A Nurse in Wartime
On the seventh anniversary of the Iraq invasion, a New Mexico nurse discusses her service
When people hear about nurses serving in war, they probably picture a woman in white tending to wounded soldiers on the battlefield. Modern American military nursing, however, goes beyond providing comfort to our uniformed service people. Nurses may dress the wounds of the enemy. They may deploy to New Orleans to salvage lives in a temporary hospital. Some military nurses may get the chance to share their skills and knowledge with Iraqi women in makeshift classrooms. Others may find themselves witnessing history firsthand as Saddam Hussein’s guilty verdict is being read.
Amy (a pseudonym) was 25 during that first helicopter ride to the now infamous Abu Ghraib prison in Iraq. As a newly deployed Army nurse, her mission during her yearlong service was to care for wounded Iraqi detainees at the Abu Ghraib hospital. It was April 2006, and nearly 2,500 U.S. troops had been killed in Iraq. Abu Ghraib itself had suffered heavy mortar and rocket attacks. But if Amy was concerned for her own safety, photos of her during that initial helicopter ride don’t reveal it. The genuine smile on her young face appears oddly incongruent with the fatigues she’s wearing and the weapon she’s clutching.
In person, Amy is the portrait of the wholesome American nurse. Blond hair reaches the middle of her back, and long eyelashes graze her cheeks when she blinks. She radiates kindness, though her sweet nature is generously laced with a dry sense of humor.
Anyone familiar with bad television can’t help but associate a pretty military nurse like Amy with the new medical television drama “Mercy.” The show's main character, a similarly blond nurse named Veronica, has returned home from Iraq. “Mercy” chronicles the estrogenated yearnings of Veronica and her other hot nurse friends amid the dramatic backdrop of her post-traumatic stress disorder.
If you’re looking to “Mercy” for a deep or complex treatment of the war in Iraq, you’ll be disappointed. In the show, Iraq primarily serves as a plot device to flesh out a clichéd romance between the vulnerable yet tough-as-nails Veronica and one of the conveniently hunky doctors she meets in the war. In contrast, Amy’s experiences in Iraq illustrate the enormous gulf between prime time television’s sexified, pixilated representation of war and the real world of hard work in a foreign desert. And besides, Amy points out, “Deployment relationships are about as real as calorie-free tiramisu.”
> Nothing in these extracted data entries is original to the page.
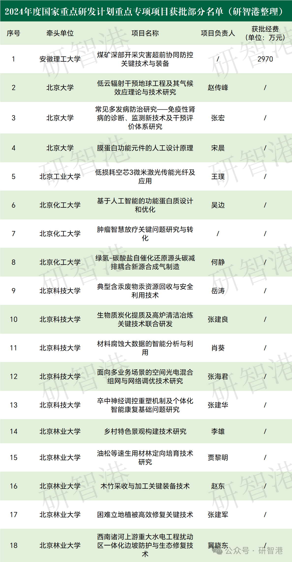 2024年度國家重點研發計劃高校獲批名單
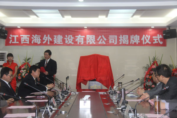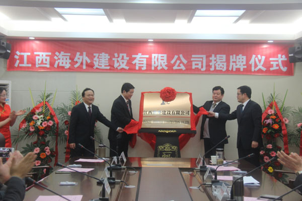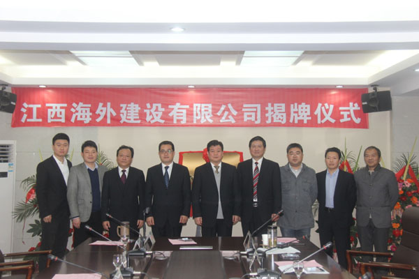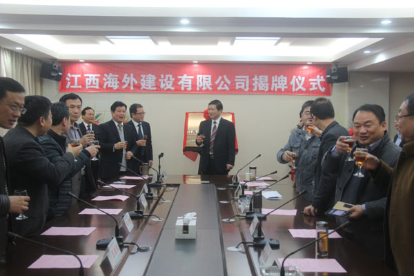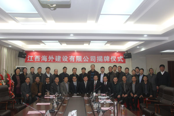 隨后,伴隨著歡樂(lè)喜慶的歌曲,總公司董事長(zhǎng)王元旦,總經(jīng)理徐洪良與江西海外建設(shè)有限公司執(zhí)行董事張周平,總經(jīng)理黃鄭民為新公司揭牌并合影留念。
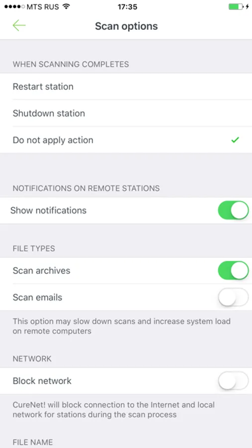 With Dr.Web CureNet, you can turn your iPhone into a remote control for the anti-virus protection of your home or corporate network. An easy way to scan and cure networks of Windows PCs and servers running other anti-viruses (not Dr.Web).

After being commissioned as a second lieutenant in the Army, Amy cared for wounded American soldiers at a military hospital in Europe. She then deployed to Abu Ghraib in Iraq. A few months into her deployment, Abu Ghraib closed and Amy was transferred to Camp Cropper in Baghdad. During her time there, Saddam Hussein’s trial and sentence were carried out. The compelling narrative behind Amy’s experience puts TV’s fictitious world of libidinous nurses and endearingly quirky patients to shame.
The following dialogue occurred during one five-hour, face-to-face conversation and numerous e-mails over the course of a week.
Why did you volunteer to go to Iraq?
The soldiers [in Europe] could tell by my uniform that I had never deployed to Iraq. My inability to really understand the environment they had come from limited my ability to care for them as fully as they deserved. Some of them said, “How can you understand how I am feeling when you haven’t been there?” So I went.
You took care of wounded Americans before deploying to Iraq. Tell me about the differences between caring for people on your own side and caring for detainees in Iraq.
I talked to some of the other nurses working at the hospital in the Green Zone, where they cared for wounded American soldiers. Most of them didn’t want the detainee mission. Caring for wounded American soldiers is rewarding. But I think that caring for “the enemy” takes a certain kind of person. I believe all human beings deserve care and compassion. I wanted to show them that Americans are good people. I guess you could say our unit's mission was to "do the right thing," and my mission, along with my ward's mission, was to "do the right thing and make it better." We made it our mission to win the hearts and minds of the detainees.
What did you learn from working with the detainees in that way?
I’m confident that we provided some of the best medical care available in the world today, and I poured my heart and soul into my patients, to the point that I was left depleted and depressed by the end [of my deployment]. But my time in Iraq taught me how much bigger this is than me.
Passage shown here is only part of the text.